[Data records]
####################

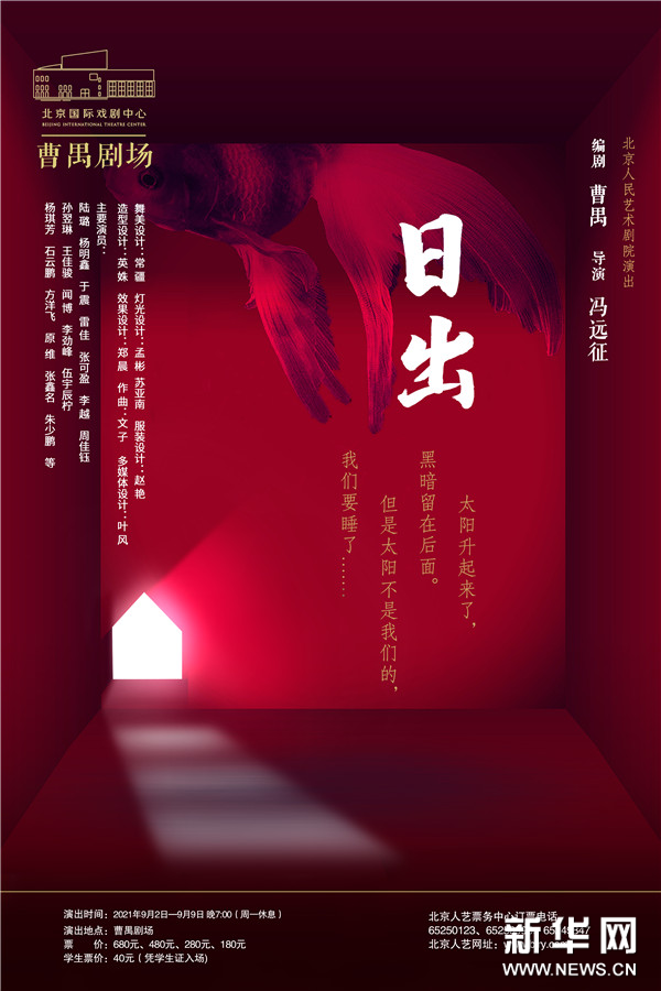 据悉,该剧将于8月24日正式开票,9月2日至9月9日演出7场。9月2日,北京国际戏剧中心曹禺剧场首揭面纱,届时观众将看到新剧场、新《日出》与新生代的全新碰撞,感受北京人艺舞台经典的永恒魅力。
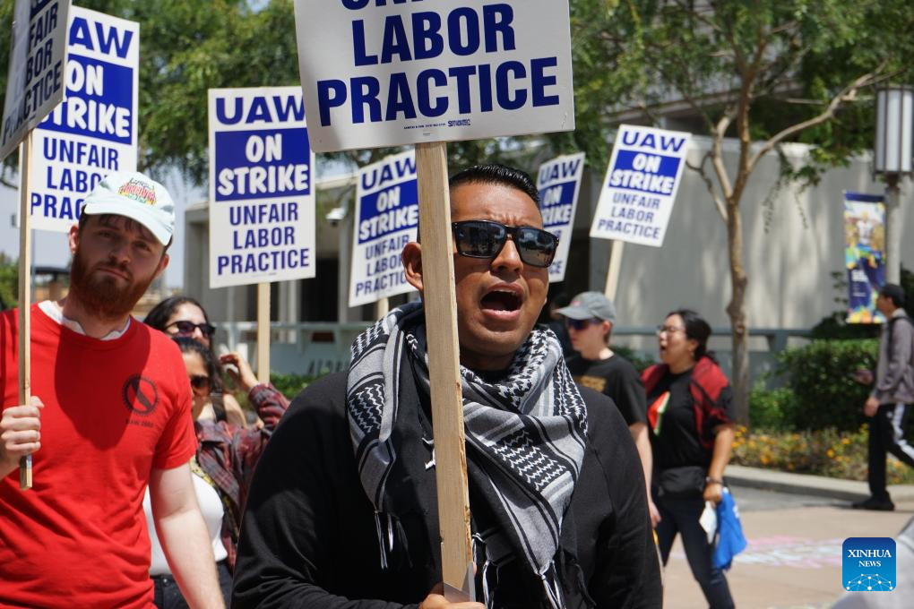 LOS ANGELES, June 5 (Xinhua) -- Academic workers at the University of California (UC), Irvine in the western U.S. state of California walked off the job on Wednesday, joining their counterparts at other campuses in the UC system on strike in response to the university's handling of pro-Palestinian protests.
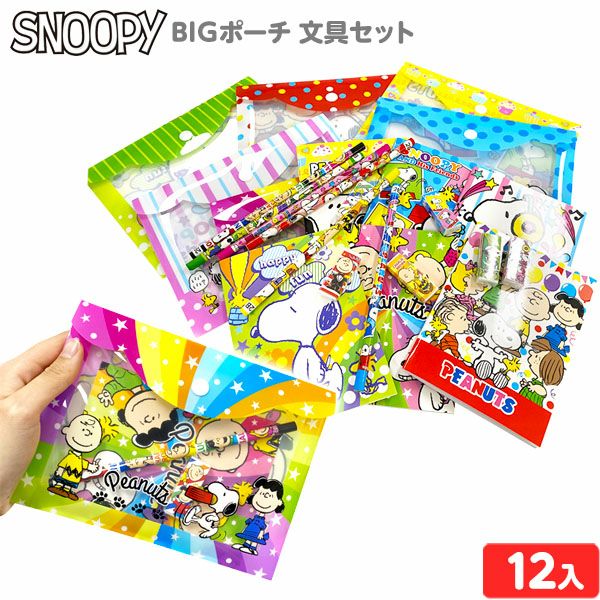パーティー・イベントなどの配布用に人気の文具セット!かわいいスヌーピーデザインのポーチとミニノート、鉛筆、消しゴムのセットです。
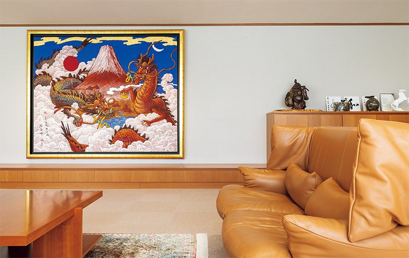 ビジネス風水の世界では、山岳の絵画や写真を飾ると運気が上がるとされるが、その中でも富士山は別格。上写真・左の絵画は、文化勲章受章者、絹谷幸二画伯が、富士山が2013年に世界遺産に登録された際に描いた「祝 玉取り双龍不二山(あうん)」。181.1×227.3センチと絹谷富士の中でも最大規模の大作。関西の会社経営者の社長室にて。
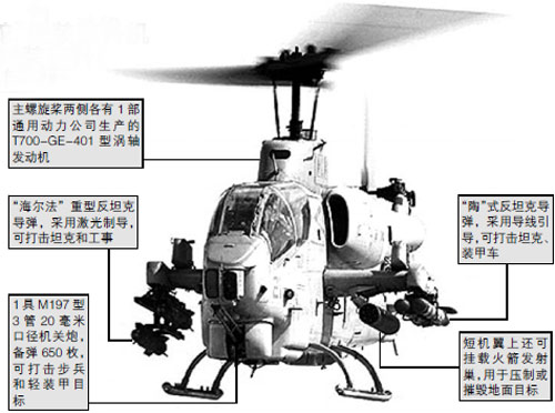 AH-1W武裝直升機(jī)機(jī)長約18米,高4米,最大起飛重量近6700公斤,采用串列座艙設(shè)計(jì),由2名機(jī)組成員操控,裝備有機(jī)關(guān)炮、火箭彈、空空導(dǎo)彈和反坦克導(dǎo)彈,是目前臺軍直升機(jī)部隊(duì)中攻擊力最強(qiáng)的機(jī)型。(何西)
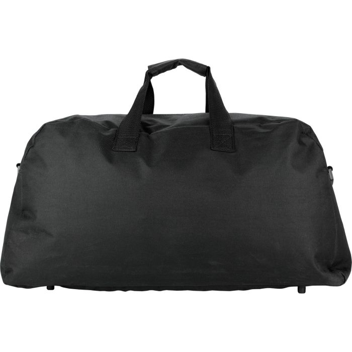 Polyester (600D) sports/travel bag with zipped external pocket and one main zipped compartment.
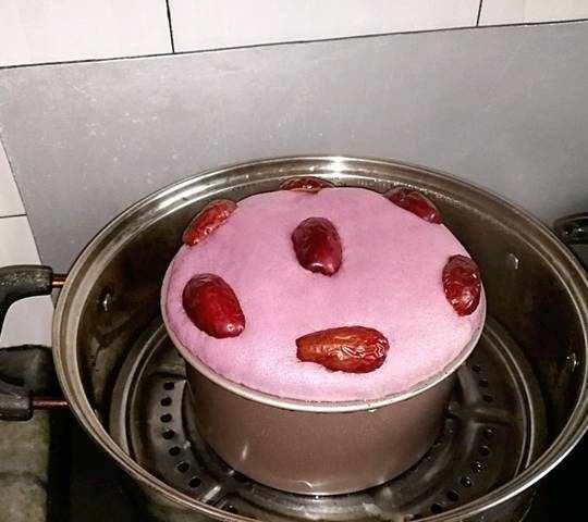 9、鍋中倒入適量的清水,將發糕放入鍋中,大火燒開後,改成中火蒸25分鐘,關火後燜3分鐘就可以出鍋瞭。
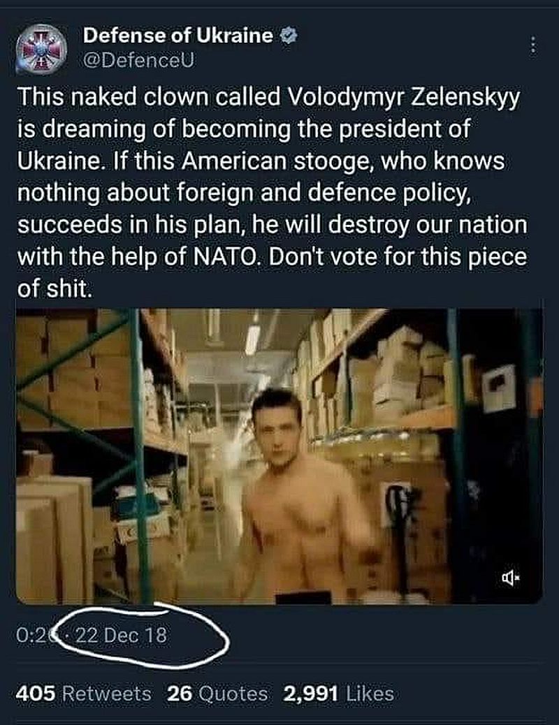 Dieser nackte Clown namens Wolodymyr Selenskyj träumt davon, Präsident der Ukraine zu werden. Wenn dieser amerikanische Handlanger, der keine Ahnung von Aussen- und Verteidigungspolitik hat, mit seinem Plan Erfolg hat, wird er unsere Nation mit Hilfe der NATO zerstören. Stimmen Sie nicht für dieses Stück Scheisse.
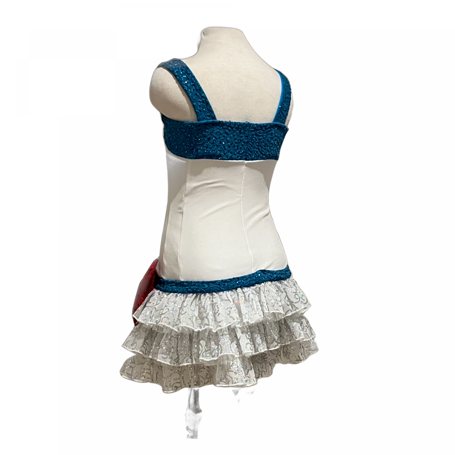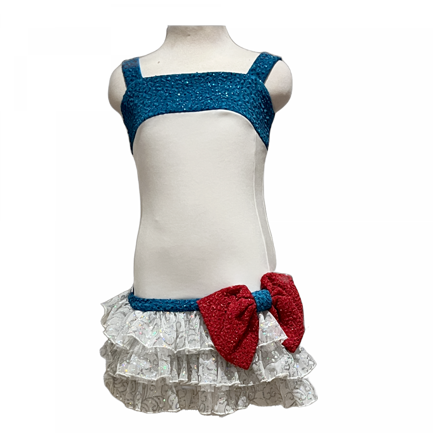 Dress is stretch sparkle velour with blue sparkle band at the top, 3 tiered skirt with sparkle, and built in panty
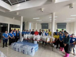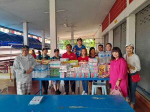 ภาคบ่าย มอบเงินช่วยเหลือผู้ประสบอุทกภัยจำนวน 150,000 บาท พร้อมถุงยังชีพให้แก่ผู้ประสบภัย 7 หมู่บ้าน เขตตำบลริมกก อำเภอเมืองเชียงราย จ.เชียงราย ณ คริสตจักรฟาร์มสัมพันธ์กิจ
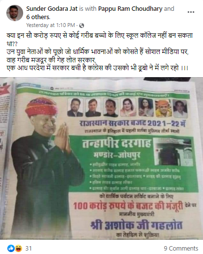 सोशल मीडिया पर एक तस्वीर शेयर कर दावा किया गया है कि राजस्थान की गहलोत सरकार ने दरगाहों के विकास लिए 100 करोड़ रुपये का बजट आवंटित किया है।
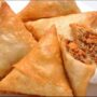 سموسہ بنانے کے لیے ایک پیکٹ سموسے کی پٹیوں میں پاستا اور قیمے کا آمیزہ بھر کر آٹے اور انڈے کے آمیزے سے بند کر دیں۔
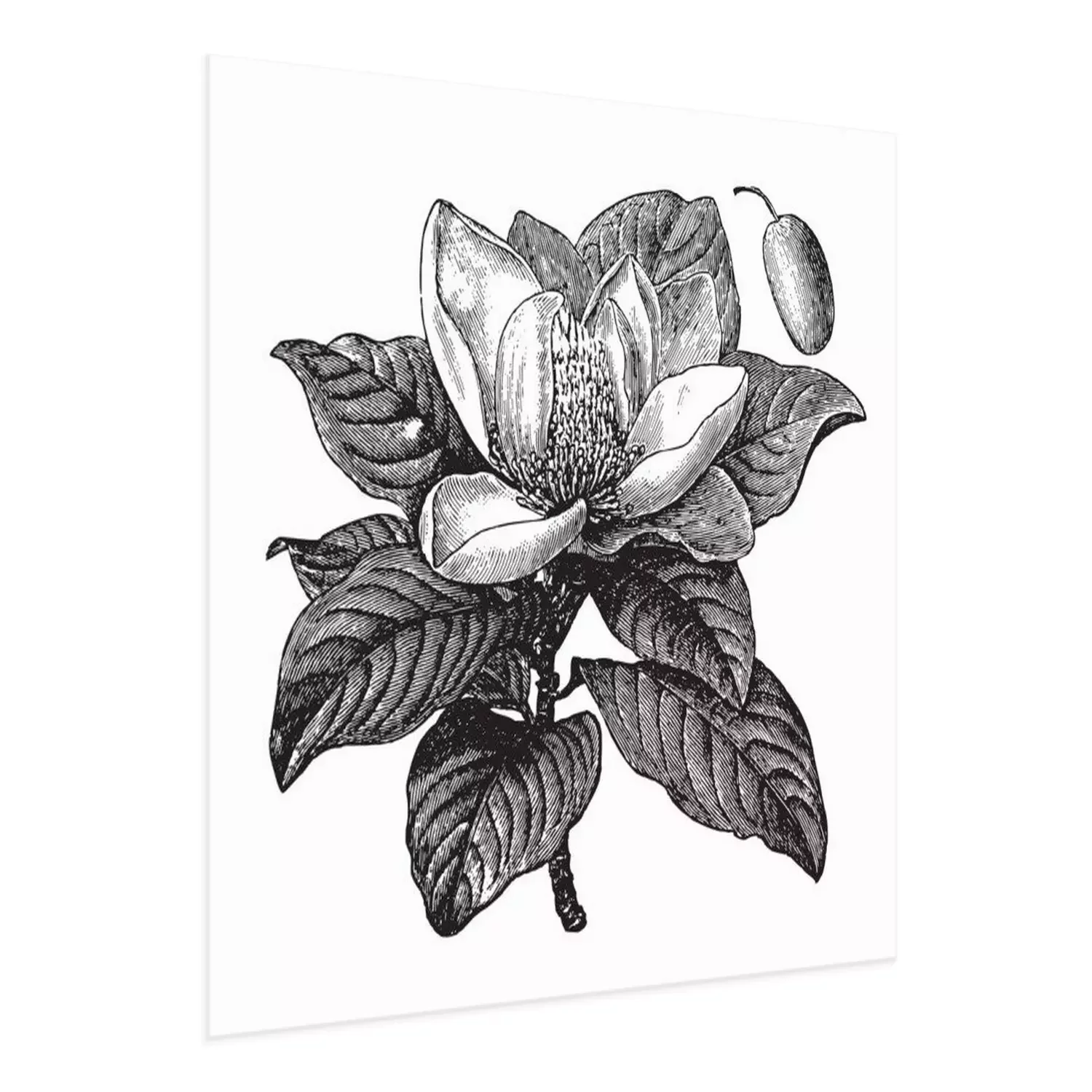 Poster  Branche de magnolia avec croquis botanique de feuilles

####################

What you have to do >> The answer consists of the lines from the one holding "سموسہ بنانے کے" to the end of the records, inclusive, restated exactly and without pictures.

Exercise response >>
 سموسہ بنانے کے لیے ایک پیکٹ سموسے کی پٹیوں میں پاستا اور قیمے کا آمیزہ بھر کر آٹے اور انڈے کے آمیزے سے بند کر دیں۔
 Poster  Branche de magnolia avec croquis botanique de feuilles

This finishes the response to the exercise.